Input for this task Start Marker
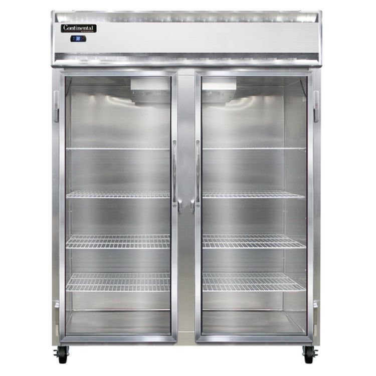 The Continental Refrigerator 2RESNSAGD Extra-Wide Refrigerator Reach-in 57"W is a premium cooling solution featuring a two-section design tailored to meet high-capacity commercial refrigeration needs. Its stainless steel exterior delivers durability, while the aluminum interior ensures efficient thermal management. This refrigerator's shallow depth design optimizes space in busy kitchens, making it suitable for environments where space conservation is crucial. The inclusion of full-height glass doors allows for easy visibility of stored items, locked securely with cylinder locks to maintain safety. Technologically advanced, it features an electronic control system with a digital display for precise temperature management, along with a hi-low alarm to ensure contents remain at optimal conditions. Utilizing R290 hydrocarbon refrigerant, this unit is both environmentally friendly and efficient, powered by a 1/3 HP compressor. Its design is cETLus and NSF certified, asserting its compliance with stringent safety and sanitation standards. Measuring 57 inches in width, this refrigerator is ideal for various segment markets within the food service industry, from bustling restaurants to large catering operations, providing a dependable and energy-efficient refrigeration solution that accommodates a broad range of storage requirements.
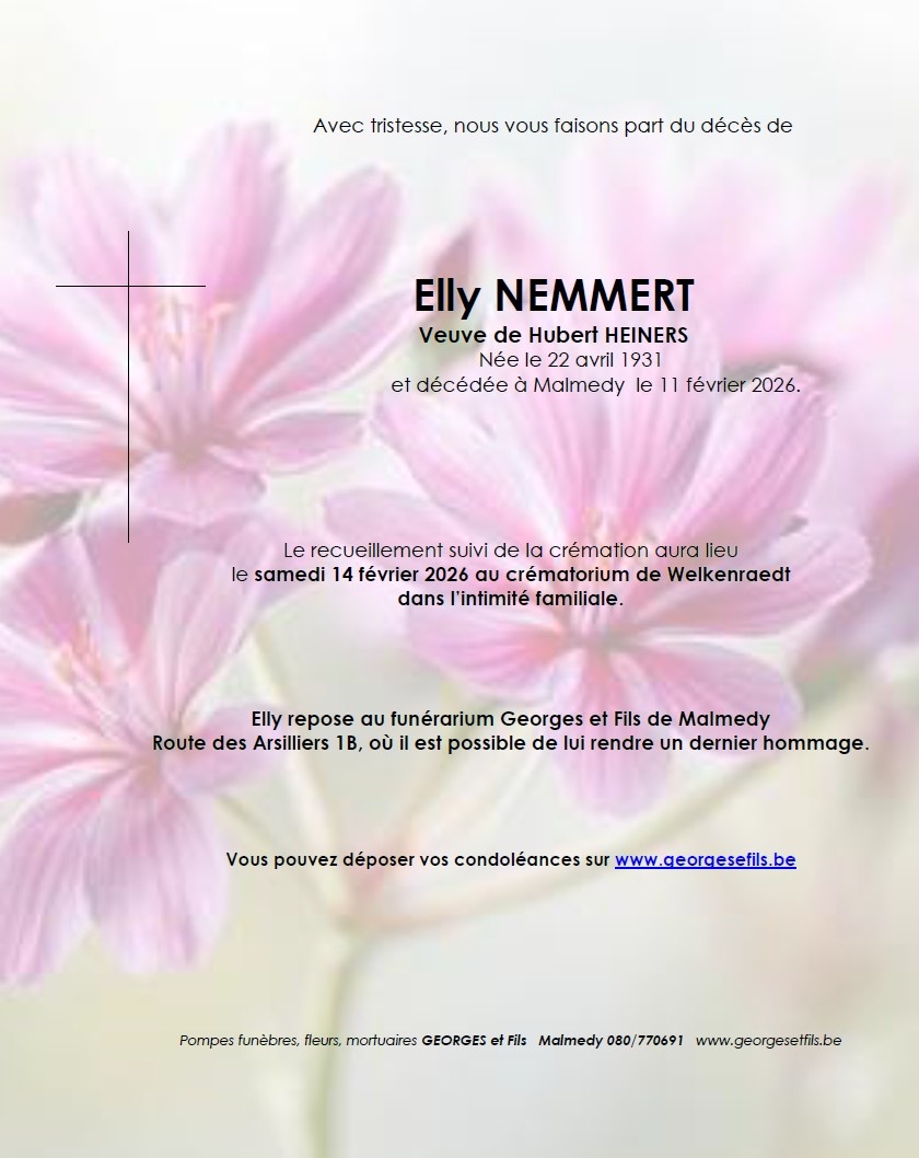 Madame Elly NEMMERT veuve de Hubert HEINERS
Input for this task End Marker
Input for this task Start Marker
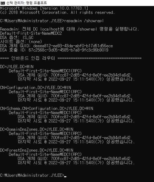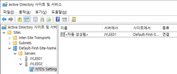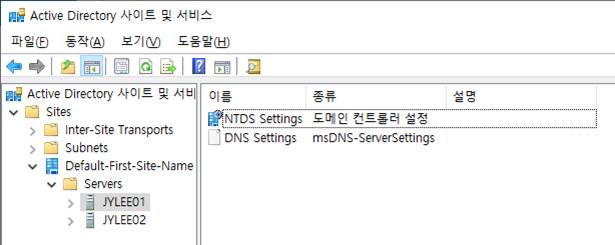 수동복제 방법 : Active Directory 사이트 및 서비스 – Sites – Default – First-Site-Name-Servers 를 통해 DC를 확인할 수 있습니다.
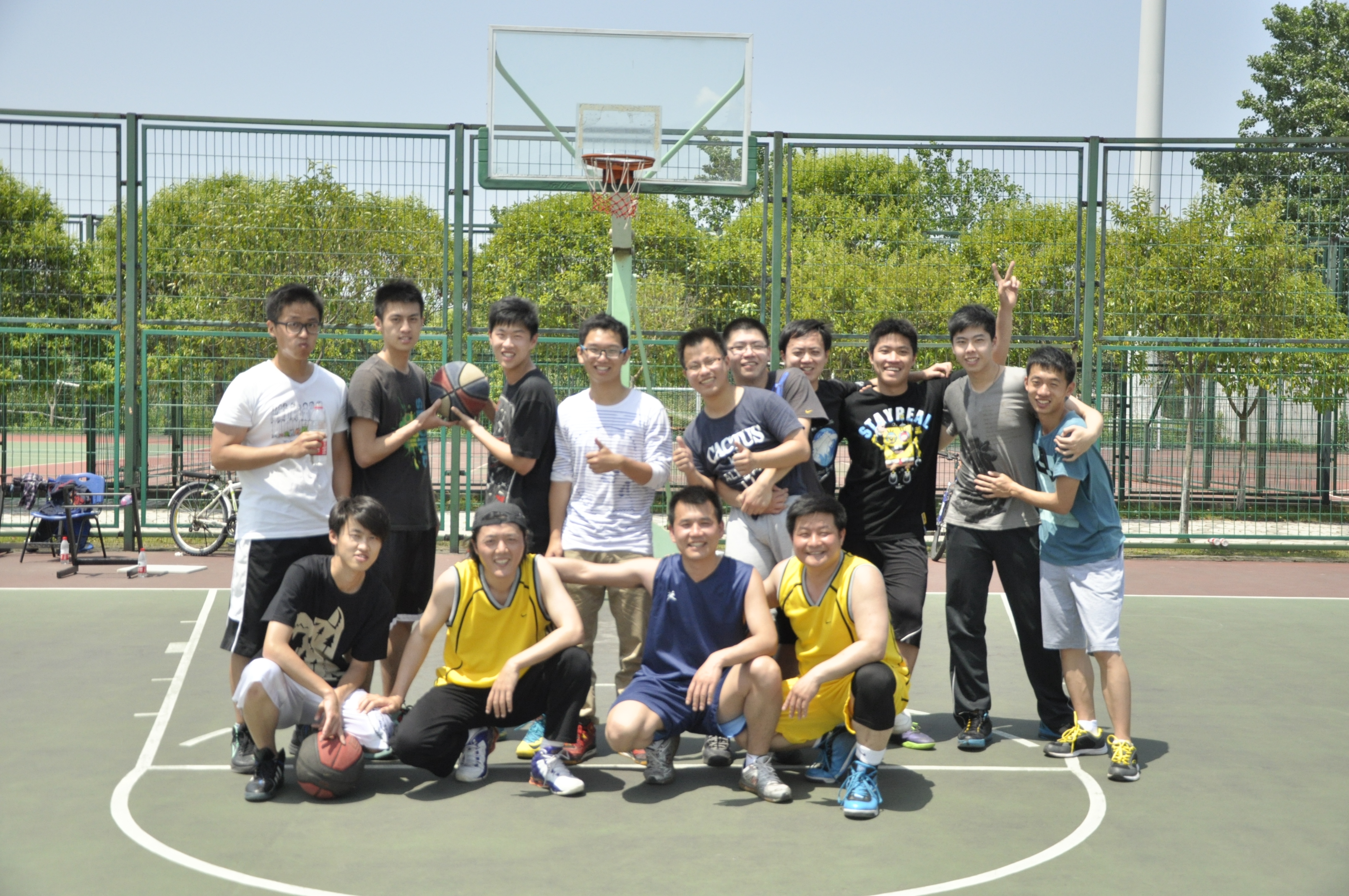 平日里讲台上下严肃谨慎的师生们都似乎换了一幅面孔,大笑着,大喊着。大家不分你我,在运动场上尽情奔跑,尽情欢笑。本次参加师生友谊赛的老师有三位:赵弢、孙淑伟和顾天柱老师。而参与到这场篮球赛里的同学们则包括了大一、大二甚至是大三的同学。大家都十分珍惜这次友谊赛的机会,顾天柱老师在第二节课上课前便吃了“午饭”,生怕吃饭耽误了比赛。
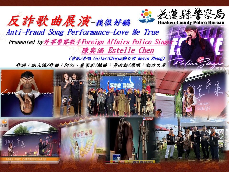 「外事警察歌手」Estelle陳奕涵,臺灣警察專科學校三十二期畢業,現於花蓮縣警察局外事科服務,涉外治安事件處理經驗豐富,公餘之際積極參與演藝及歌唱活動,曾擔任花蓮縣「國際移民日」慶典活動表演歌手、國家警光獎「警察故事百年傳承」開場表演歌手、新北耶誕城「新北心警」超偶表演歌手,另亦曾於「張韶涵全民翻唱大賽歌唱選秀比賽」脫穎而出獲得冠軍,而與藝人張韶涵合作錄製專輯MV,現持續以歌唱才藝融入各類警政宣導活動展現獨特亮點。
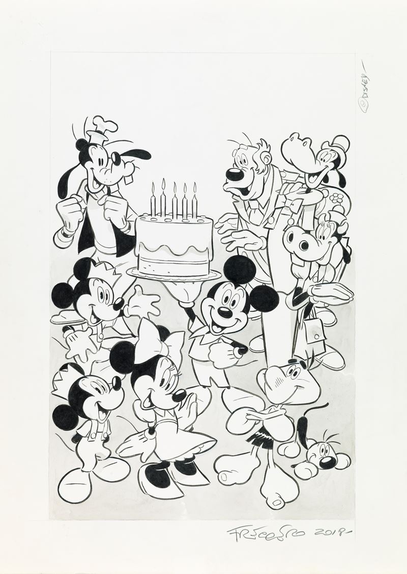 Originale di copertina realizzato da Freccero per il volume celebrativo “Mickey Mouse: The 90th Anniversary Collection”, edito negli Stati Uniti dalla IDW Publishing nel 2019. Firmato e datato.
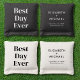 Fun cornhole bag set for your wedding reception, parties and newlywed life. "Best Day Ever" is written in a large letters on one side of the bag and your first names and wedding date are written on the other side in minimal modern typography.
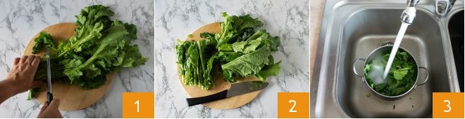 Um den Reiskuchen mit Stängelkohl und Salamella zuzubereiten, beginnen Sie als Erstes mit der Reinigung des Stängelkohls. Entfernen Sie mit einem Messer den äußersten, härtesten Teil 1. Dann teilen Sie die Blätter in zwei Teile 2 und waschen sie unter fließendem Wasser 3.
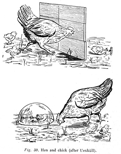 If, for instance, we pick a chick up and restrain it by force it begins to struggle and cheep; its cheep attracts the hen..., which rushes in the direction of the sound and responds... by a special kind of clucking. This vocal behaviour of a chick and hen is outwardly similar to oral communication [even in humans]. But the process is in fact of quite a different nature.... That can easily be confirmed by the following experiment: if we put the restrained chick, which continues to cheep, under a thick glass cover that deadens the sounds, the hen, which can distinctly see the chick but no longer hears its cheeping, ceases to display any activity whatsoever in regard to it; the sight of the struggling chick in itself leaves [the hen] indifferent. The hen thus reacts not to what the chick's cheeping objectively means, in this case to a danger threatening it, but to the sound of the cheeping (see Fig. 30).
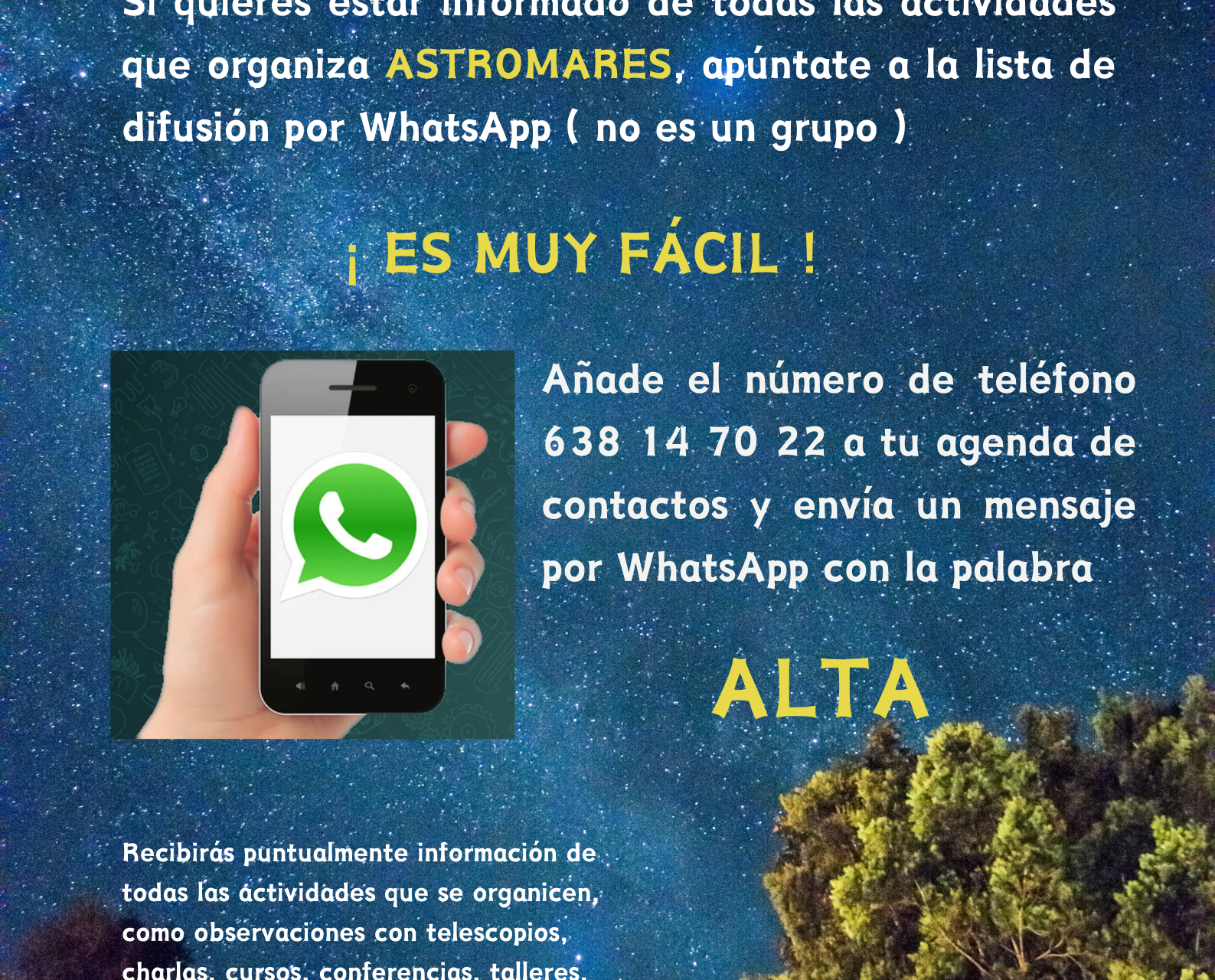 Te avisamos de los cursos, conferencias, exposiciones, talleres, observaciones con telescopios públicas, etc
Input for this task End Marker
Input for this task Start Marker
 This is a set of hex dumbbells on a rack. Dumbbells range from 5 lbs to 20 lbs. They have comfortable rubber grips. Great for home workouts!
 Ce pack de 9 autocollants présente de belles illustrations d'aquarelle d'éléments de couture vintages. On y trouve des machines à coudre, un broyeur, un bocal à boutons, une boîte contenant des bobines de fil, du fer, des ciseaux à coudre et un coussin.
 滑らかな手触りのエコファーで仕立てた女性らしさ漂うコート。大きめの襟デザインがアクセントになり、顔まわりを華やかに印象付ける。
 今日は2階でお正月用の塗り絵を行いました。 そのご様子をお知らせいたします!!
Input for this task End Marker
Exercise aim: Your answer must be the lines above from the one holding "The Continental Refrigerator" up to and including the one holding "Madame Elly NEMMERT veuve de Hubert HEINERS", exact and with no pictures.

Answer to this problem:
 The Continental Refrigerator 2RESNSAGD Extra-Wide Refrigerator Reach-in 57"W is a premium cooling solution featuring a two-section design tailored to meet high-capacity commercial refrigeration needs. Its stainless steel exterior delivers durability, while the aluminum interior ensures efficient thermal management. This refrigerator's shallow depth design optimizes space in busy kitchens, making it suitable for environments where space conservation is crucial. The inclusion of full-height glass doors allows for easy visibility of stored items, locked securely with cylinder locks to maintain safety. Technologically advanced, it features an electronic control system with a digital display for precise temperature management, along with a hi-low alarm to ensure contents remain at optimal conditions. Utilizing R290 hydrocarbon refrigerant, this unit is both environmentally friendly and efficient, powered by a 1/3 HP compressor. Its design is cETLus and NSF certified, asserting its compliance with stringent safety and sanitation standards. Measuring 57 inches in width, this refrigerator is ideal for various segment markets within the food service industry, from bustling restaurants to large catering operations, providing a dependable and energy-efficient refrigeration solution that accommodates a broad range of storage requirements.
 Madame Elly NEMMERT veuve de Hubert HEINERS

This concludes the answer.